Parco minerario di Gavorrano (Gr): l'inaugurazione sabato 19 luglio

Redazione Nove da Firenze
Redazione Nove da Firenze
17 luglio 2003 07:10
Parco minerario di Gavorrano (Gr): l'inaugurazione sabato 19 luglio

Alle ore ore 19,00 in Piazzale "ex Bagnetti", al Centro di accoglienza e Museo Minerario Parco delle Rocce (percorso in galleria) interverranno: Claudio Martini Presidente della Giunta Regionale Toscana, Hubert Corsi Presidente del Comitato di gestione del Parco Tecnologico e Archeologico delle Colline Metallifere Grossetane, Alessandro Fabbrizzi Sindaco di Gavorrano.
Sono previste visite guidate al Museo Minerario ed alla miniera.

L’attività mineraria a Gavorrano:una storia lunga quasi un secolo
La scoperta dei giacimenti piritici di Gavorrano si deve ad un ex garibaldino di origine gavorranese.

Nella primavera del 1898 l’allora cinquantenne Francesco Alberti, che aveva qualche cognizione sulla natura della pirite grazie alla familiarità con il geologo e mineralogo di Massa Marittima Bernardino Lotti, aiutato da tre compaesani, aprì una galleria sul fianco ovest dello sperone roccioso su cui sorge il paese, proprio accanto alla fonte vecchia. Dopo aver lavorato per una decina di metri in uno strato superficiale di materiale ferroso detto anche “brucione” in rocce disfatte, gli improvvisati minatori penetrarono nella parte apicale del giacimento di minerale lucentissimo, cristallino e friabile che si prestava facilmente all’escavazione.
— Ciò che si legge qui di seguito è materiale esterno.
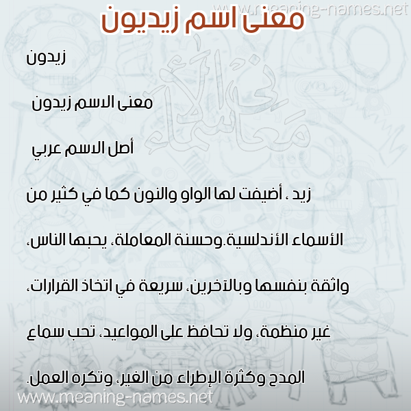 ما معنى اسمي زيديون ؟ .d]d,k ? what the meaning of Zaidoun معاني كلمة زيديون قاموس الأسماء و المعاني و الكلمات .
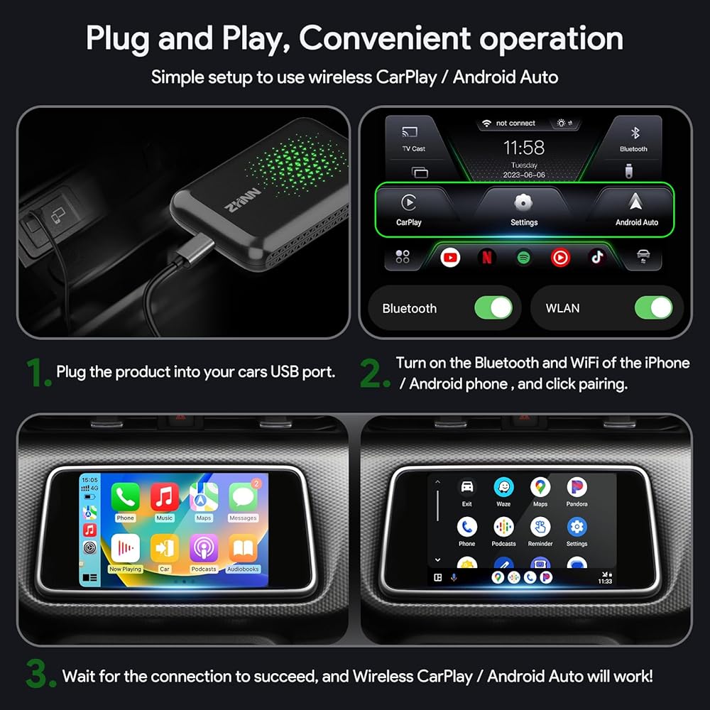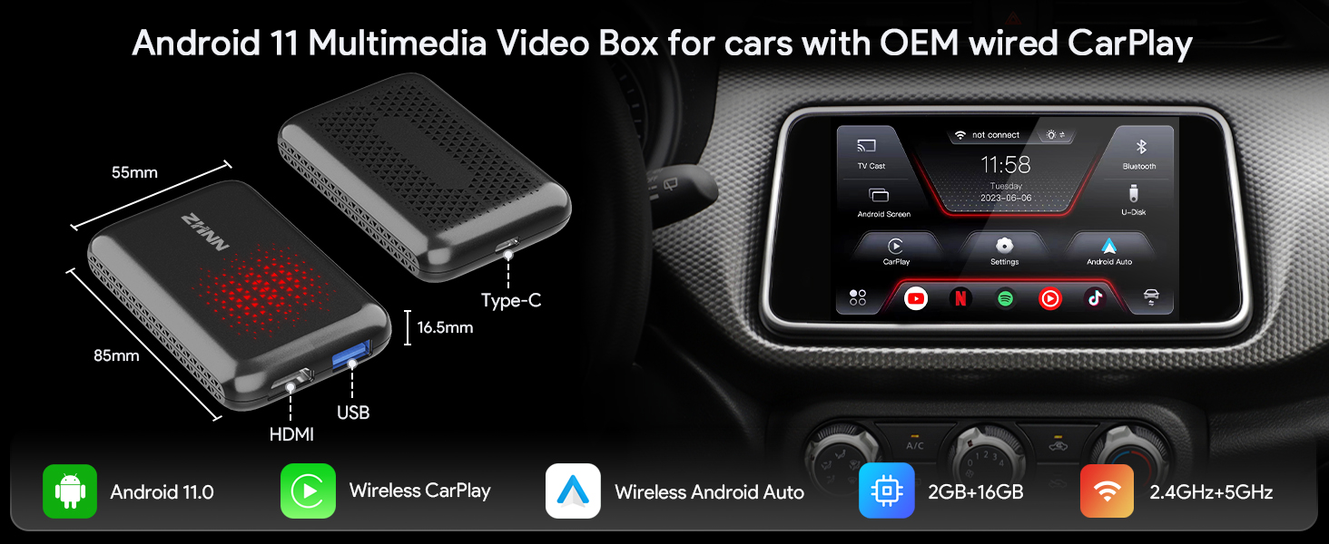 【صندوق سحري لنظام أندرويد للسيارات المزودة بسلك Carplay】يعمل محول ZHNN netflix carplay مع السيارات فقط التي تحتوي على Carplay السلكي من OEM. صندوق carplay للسيارة متوافق مع هاتف Android الذي يعمل بنظام Android 10.0 وما فوق. إذا لم تكن متأكدًا مما إذا كان متوافقًا مع سيارتك أم لا، فيرجى الاتصال بنا لإبلاغنا بالعلامة التجارية لسيارتك وعامها، وسوف نقوم بالرد في أقرب وقت ممكن. 【ملاحظة】غير متوافق مع أي من سيارات BMW.
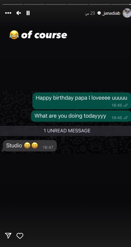وفي التفاصيل، نشرت جانا عبر خاصية القصص القصيرة على حسابه الرسمي عبر انستغرام صورة لها عندما كانت طفلة برفقة والدها وعلّقت على الصورة: “يوم ميلاد سعيد بابا”.

Grazie alla mediazione del Lotti la ditta “Guido Praga” di Roma si interessò alla scoperta e poco dopo dette il via ai lavori di coltivazione della miniera di Gavorrano. Dopo qualche anno il Praga cedette l’impresa alla società “Unione Piriti”, finché nel 1907 la miniera passò alla società Montecatini. Nel decimo anniversario della sua apertura arrivò a raggiungere le 24.000 tonnellate annue di minerale estratto. Nel 1909 entrò in produzione la sezione di Ravi e, vent’anni dopo, la sezione di Rigoloccio.

Nel 1930 la produzione complessiva annua del complesso dei cantieri del gavorranese era salita a quota 300.000 tonnellate senza considerare la miniera di Ravi, gestita dalla società “Marchi”. Nei primi tempi il minerale veniva trasportato alla ferrovia con carri a cavalli, ma nel 1912 gli impianti di frantumazione, nei pressi del pozzo, furono collegati con una teleferica di 5,8 km alla stazione di Scarlino. Essa nel 1919 fu prolungata fino allo scalo marittimo di Portiglioni, distante 9 km dalla stazione di Scarlino, per la spedizione della pirite via mare.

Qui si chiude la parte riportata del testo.